To simulate a Hierarchical Topology utilizing OMNeT++, which contains making a network including several layers of nodes, in which each layer denotes a distinct level of hierarchy. In this topology, lower-level nodes communicate with higher-level nodes, and the communication among distinct layers is normally handled via gateways or routers.
A hierarchical topology is generally utilized in large networks, like corporate networks, in which the lower layers denote end-user devices, and higher layers signify servers, routers, or core networks. The following is a common approach on how we can simulate a Hierarchical Topology in OMNeT++ using the INET framework:
Steps to Simulate a Hierarchical Topology in OMNeT++
- Install OMNeT++ and INET Framework:
Make sure OMNeT++ and the INET framework are installed. The INET framework offers modules for distinct kinds of nodes and network layers that are helpful for making hierarchical topologies.

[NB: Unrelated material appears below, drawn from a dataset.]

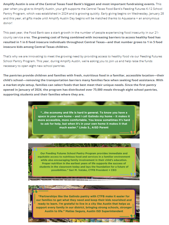 The Central Texas Food Bank is typically one of the highest fund earners during the annual Amplify Austin campaign, and they follow a specific structure.
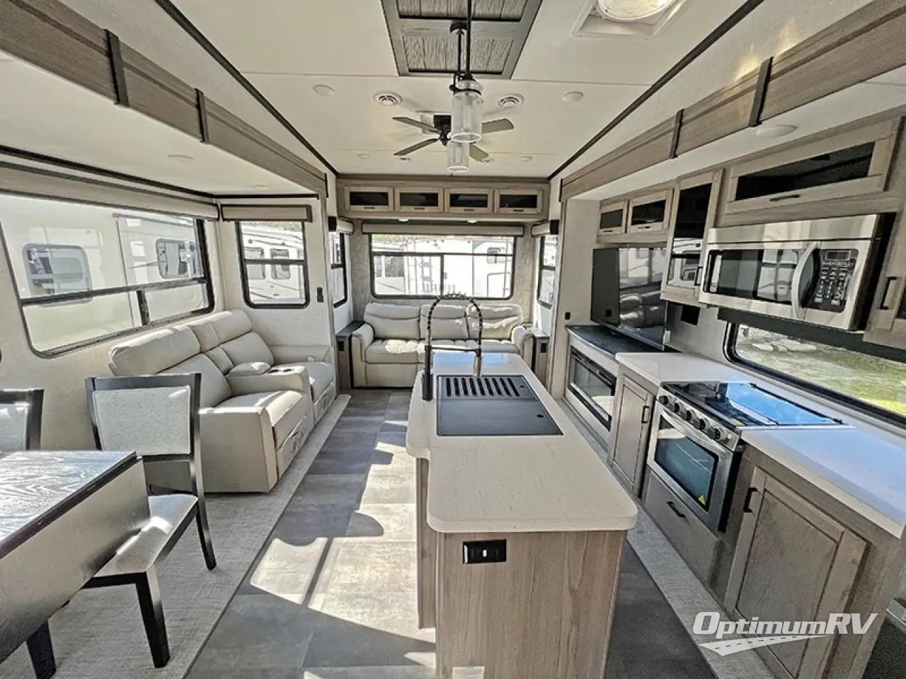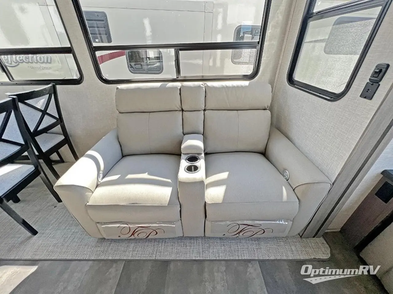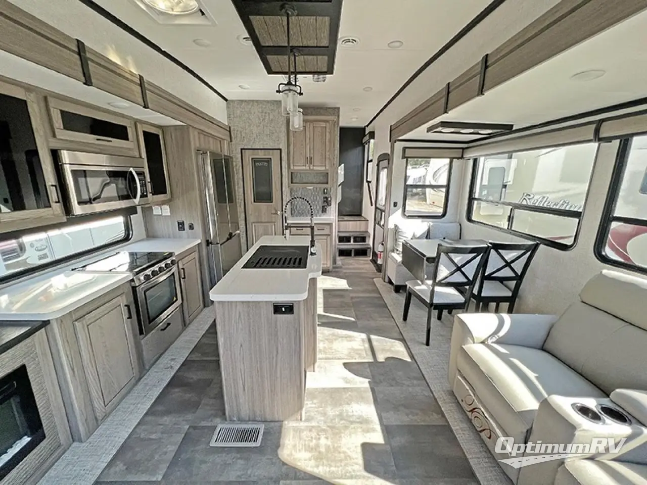 You won't want to camp any other way once you step inside this fifth wheel! The front private bedroom has a king bed slide for more walking around space, a fireplace with a 39" TV above it and a bench next to it, and a front closet with a shoe shelf and an area prepped to add the optional washer and dryer. After a good night's rest, freshen up in the full bathroom with the 48" shower with a seat and then head to the kitchen to fry up some eggs on the three burner cooktop. There is also a kitchen island to make meal prepping easier, an overhead cabinet with a hutch to store your dishes, and a linen area above the pantry. Enjoy your meals at the dinette with chairs on one side and booth seating on the other side. What better way to wind down your nights than to relax on either the rear tri-fold sofa or the theater seating with heat and massage across from the entertainment center which has a 50" TV to watch movies and a fireplace below it!

- We can download and install OMNeT++.
- Download and install the INET Framework.
- Define Hierarchical Topology in NED File:
In a hierarchical topology, nodes are classified into distinct layers (e.g., edge layer, distribution layer, and core layer). Here’s an instance of a NED file, which describes a simple hierarchical network with three layers.
network HierarchicalNetwork
{
parameters:
int numEdgeNodes = default(3); // Number of edge nodes
int numDistributionNodes = default(2); // Number of distribution nodes
int numCoreNodes = default(1); // Number of core nodes
submodules:
// Define edge nodes (bottom level of the hierarchy)

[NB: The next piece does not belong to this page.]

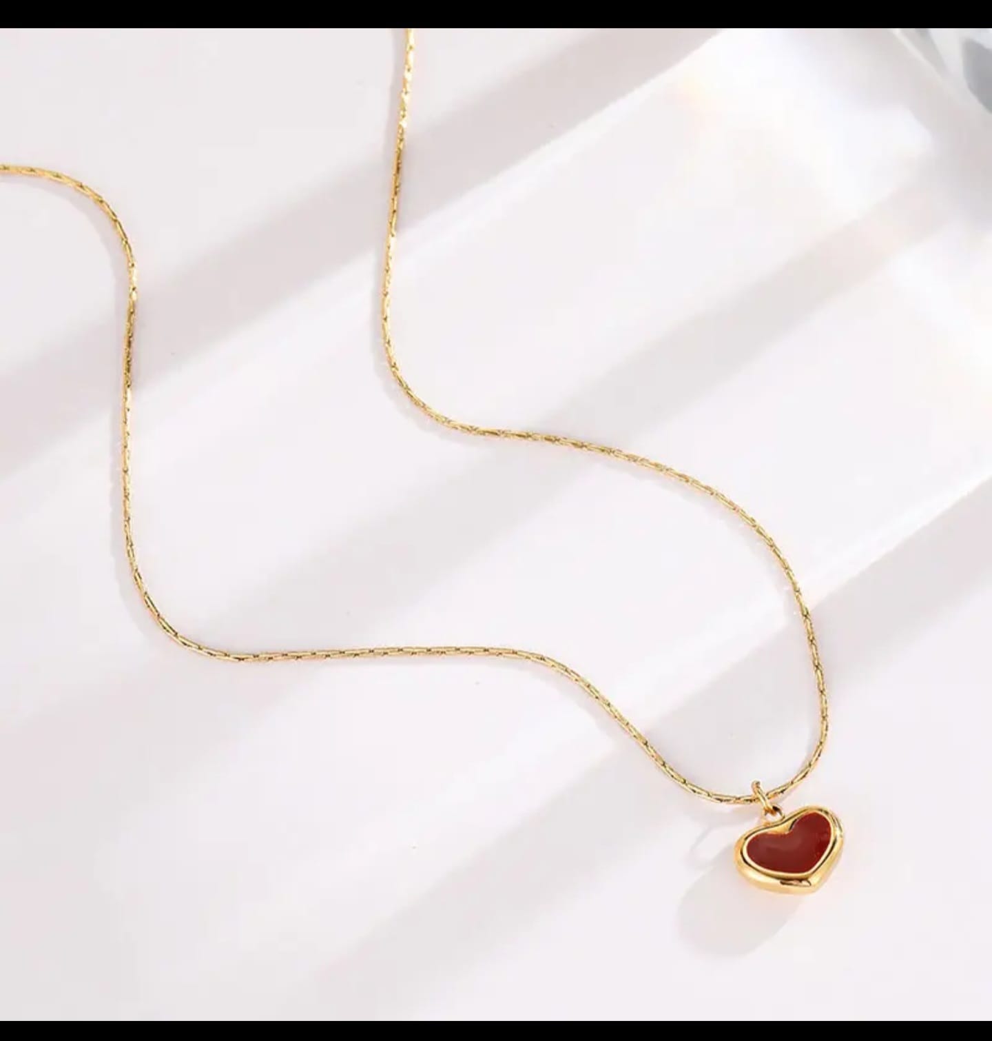 This charming red heart necklace is a delightful addition to any jewelry collection, perfect for adding a touch of love and vibrancy to everyday outfits. Crafted with a sleek gold-plated chain, the pendant features a beautifully shaped heart, creating a classic and timeless look that complements various styles. Ideal for daily wear, this necklace is lightweight and comfortable, making it suitable for all-day use. The vibrant red color of the heart adds a pop of color, making it a versatile accessory for both casual and semi-formal occasions. This necklace also makes a thoughtful gift for birthdays, anniversaries, or any special moment, expressing affection and care. The durable gold plating ensures long-lasting shine and resistance to tarnishing, maintaining its beauty over time. Itβs a simple yet elegant piece that effortlessly elevates any ensemble, adding a subtle touch of romance and sophistication. Care for your necklace by avoiding contact with harsh chemicals and storing it in a cool, dry place.

edgeNode[numEdgeNodes]: <EdgeNodeType> {
@display(“p=100+100*i,300”);
}
// Define distribution nodes (middle level of the hierarchy)
distributionNode[numDistributionNodes]: <DistributionNodeType> {
@display(“p=150+200*i,200”);
}
// Define core nodes (top level of the hierarchy)
coreNode[numCoreNodes]: <CoreNodeType> {
@display(“p=250,100”);
}
connections allowunconnected:
// Connect edge nodes to distribution nodes
for i=0..numEdgeNodes-1 {
edgeNode[i].ethg++ <–> Eth100M <–> distributionNode[i % numDistributionNodes].ethg++;
}
// Connect distribution nodes to the core node
for i=0..numDistributionNodes-1 {
distributionNode[i].ethg++ <–> Eth1G <–> coreNode[0].ethg++;
}
}
In this example:
- Edge nodes denote devices such as end-user devices (e.g., PCs or IoT devices).
- Distribution nodes perform as intermediate routers or switches, which combined traffic from edge nodes.
- Core nodes signify the central or core network components, like high-performance routers.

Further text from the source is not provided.